Mirador Condor is a viewpoint for the huge native condors, who fly over the canyon at day break. As we weren't with a tour we had to take the only local bus that morning, which got us there at 515am… sunrise was 6am but the sun didn't come over the mountains until 645ish! It was a long wait in the freezing cold but we had a wonderful 'conversation' in extremely broken Spanish with the ladies selling souvenirs. It mainly consisted of 'muy frio! Si, si, muy frio!'... They must be on that bus every morning, which is crazy. The first tourists didn't arrive until just gone 7am so they all sat together wrapped up in many blankets trying to keep warm for 2 hours! 

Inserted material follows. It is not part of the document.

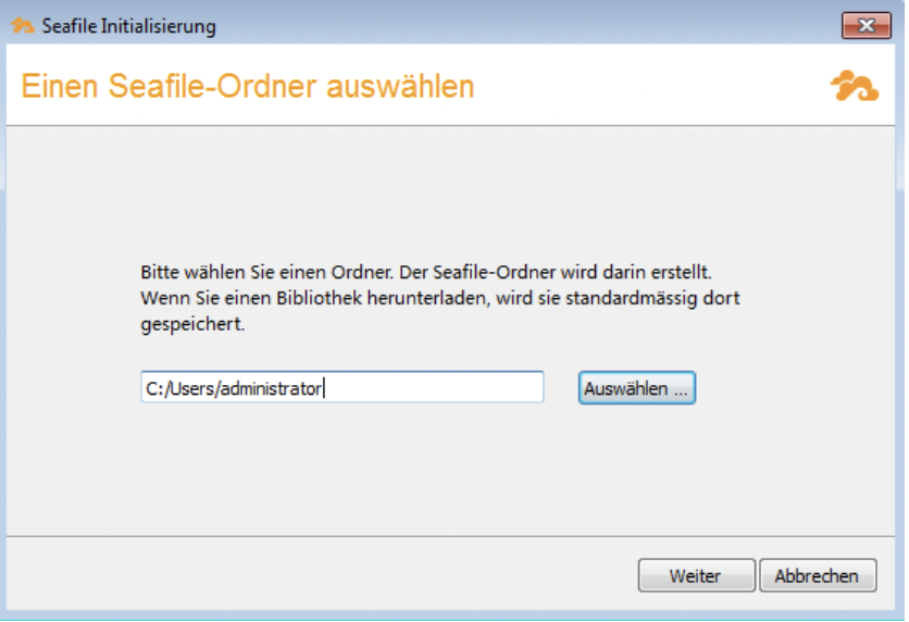 Wählen Sie einen Standard-SeaFile-Ordner aus.Sofern es keine Vorgaben hierfür gibt (siehe SeaFile-Konfigurations-Handout) können Sie die Standardeinstellungen belassen oder gegebenenfalls anpassen.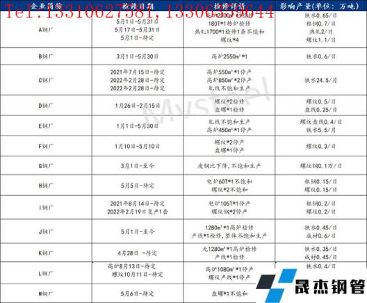 江蘇無縫厚壁鋼管廠家本周影響產量小幅增加,共計13家無縫厚壁鋼管廠家非正常生產,較上周檢修停產鋼企數量持平,目前鐵水影響產量較上周減少0.3萬噸 /日,粗鋼影響產量較上周持平 ,成材影響產量減少0.24萬噸 /日。目前廢鋼資源緊缺,短期難以緩解,大部分電弧爐廠利潤出現虧損,厚壁無縫鋼管價格如若繼續下跌,后期將觸發電弧爐產量縮減。具體情況及各主要品種日均影響產量(單位:萬噸)詳見下表:

When the sun did finally decide to join us it was lovely. It exposed some amazing views and got us a bit more toasty. We probably spotted our first condor around 7am, it was just before any of the tour groups arrived which validated us going solo on this one! The condors were tiny specks in the distance circling above the canyon, we could only see them due to the sunlight reflecting off their feathers. Even from a distance they looked pretty menacing. Over the next 40 minutes more and more condors appeared, flying much closer to us. They kept dipping behind rocks though making it hard for anyone to get any good photos or videos. At 745am we decided it was time to move on and start our trek towards the canyon, reluctantly accepting that the photos we had couldn't be bettered. We had walked for about 100m when we turned back in hope (not anger, never turn back in anger) and to our amazement we had a view of a condor sitting on a rock under the viewpoint, hidden from everyone else. This let us get some great shots and a great video of it launching off the rock! We then began our walk very satisfied. 





The walk.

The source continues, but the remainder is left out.